Thread: Gradient of parabola and specific max of y with 4 unknowns

1. Gradient of parabola and specific max of y with 4 unknowns

i am needing help with a Maths equation that i cannot figure out. i need the gradient at x=45 to equal 3.21609 (y'=-25.593*cos(pi/25x - 4pi/5)). i also need the max of the parabola to equal (x,55) where x is unknown. a , b and c are not given. it is really bugging me because i have wasted about 20 pages and still cannot find it.

where y'=0, x=-B/2A and y=(-AB^2)/(4A^2)+C
therefore 55 + (AB^2)/(4A^2)=C

y = Ax^2 +BX +C
y'= 2Ax + B

therefore at x = 45

3.21609 - 90A=B

using these i altered the equations but got nowhere. is the problem there (equations) if anyone can help?

2. equation found

if it helps anyone, i set a new axis to (0,0) and solved for y=AX^2 where y= drop in my case -40.383 (14.617-55). i let its y' = 3.21609 and got x = in terms of A. used that in y=AX^2 and got A. (3.21609^2)/4A = -40.383, a's cancel. then used y=AX^2 + BX +C and y' = 2AX + B where x was 45 and A was found value. this got B. then i used y=AX^2 + BX +C where y = 55 and x = -B/2A and got C!!!
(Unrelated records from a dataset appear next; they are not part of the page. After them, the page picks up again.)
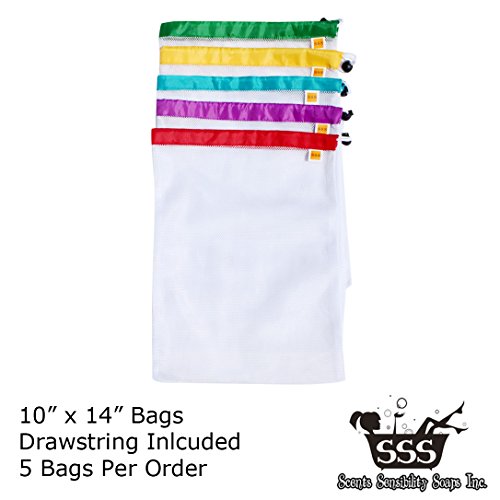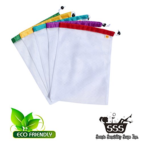 Eco Friendly Washable & Reusable Grocery Produce Bags - Premium Large Lightweight Nylon Mesh Produce Bags - 10" X 12" - Set of 5 (Red, Orange, Green, Blue, Purple)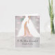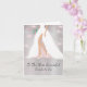 This lovely Bride-to-Be congratulations card features a bride in a white wedding gown, holding a simple bouquet of flowers, set against a silver bokeh background with delicate white and pink stars.
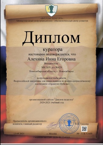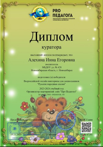 Диплом куратора подготовившего победителя всероссийской детской викторины "Русские народные сказки" |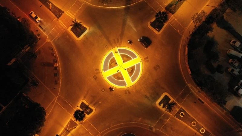Park Bahçeler Müdürlüğü ekipleri tarafından düzenlenen kavşağın yeni halinde, mavi beyaz taşlar kullanılırken, 4 adet bodur palmiye ağacı dikildi. Son olarak yapılan led aydınlatma ve çiçek ekimi ile kavşaktaki çalışmalar sona erdi.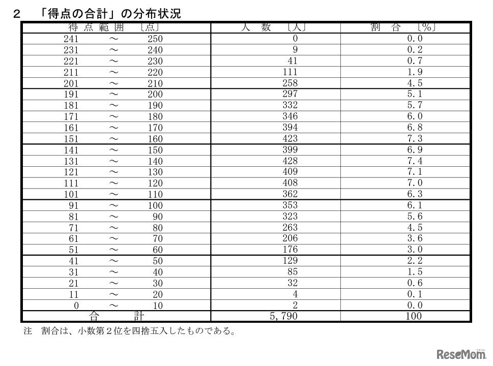 画像出典:山口県教育委員会 「得点の合計」の分布状況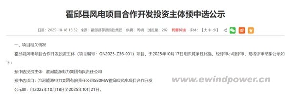 根据竞争性比选公告,霍邱县拟整合全县风电资源开发,统筹推进项目建设。经初步摸排,全县可开发风电资源约1GW。此次通过公开竞争性比选方式选择投资主体合作实施,本次合作开发项目规模以580MW为上限。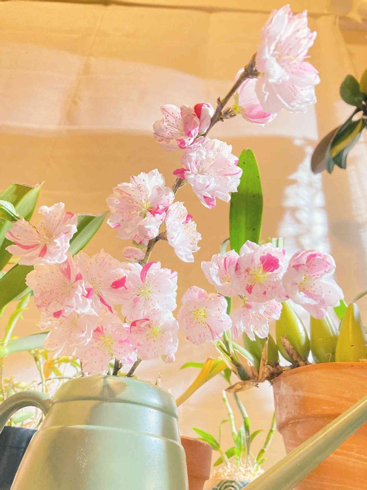 職場でいただいてきた花桃♪色合いがすごいステキ(*^^*)挿木にしたら根付くかなぁ?(´・ω・`)とりあえずメネデールの水に入れてみる(*^ω^*)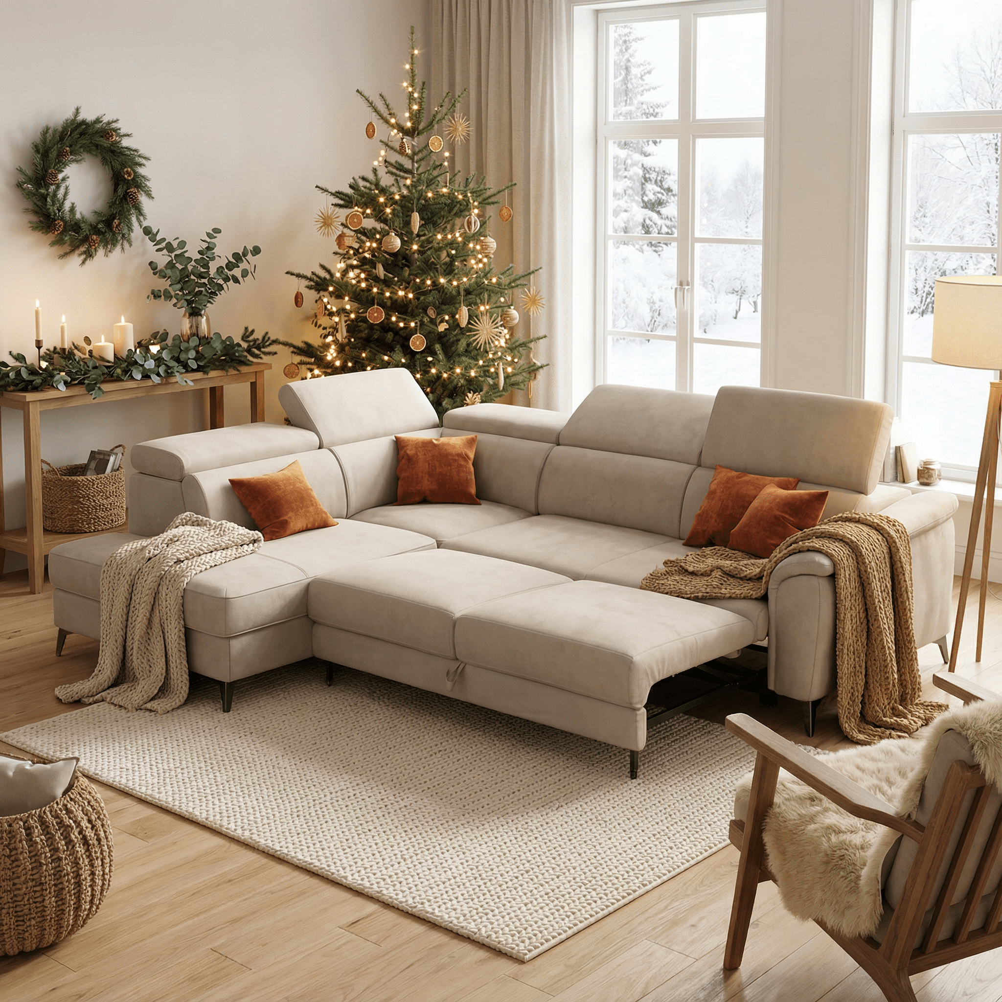 Canapé convertible d'angle avec têtières inclinables en tissu doux imperméable T02 crème

final equation = -0.064x^2 + 8.98X -259.773

3. I am sorry

this is incoherent what aer you looking for?...what is $a$ in $ax^2+bx+c$?

4. i am looking for a, b and c in parabola general equation. if you know a bit about parabola's im sure that if you read the whole thing you will understand what i am saying.

i had to get the gradient of the derivitive to equal that of another equation, and have a maximum of a particular y-value. that was all i was given. no x value for the max, no a,b or c for the general equation...nothing!

5. Originally Posted by m-sternberg
i am needing help with a Maths equation that i cannot figure out. i need the gradient at x=45 to equal 3.21609 (y'=-25.593*cos(pi/25x - 4pi/5)). i also need the max of the parabola to equal (x,55) where x is unknown. a , b and c are not given. it is really bugging me because i have wasted about 20 pages and still cannot find it.

where y'=0, x=-B/2A and y=(-AB^2)/(4A^2)+C
therefore 55 + (AB^2)/(4A^2)=C

y = Ax^2 +BX +C
y'= 2Ax + B

therefore at x = 45

3.21609 - 90A=B

using these i altered the equations but got nowhere. is the problem there (equations) if anyone can help?
I'm sorry... I also have trouble understanding your actual question. From what I can tell...

* You want the derivative of y'=-25.593*cos(pi/25x - 4pi/5) when x = 45 to equal 3.21609

* You also want the local maximum point of a parabola to be (x, 55)

The problem here is we are confused at what you are actually trying to do, could you please post the questions and given information ONLY.

Note: This may help. The general equations for a parabola are:

General form: $y=a(x-h)^2+k$
Turning Point form: $y=ax^2+bx+c$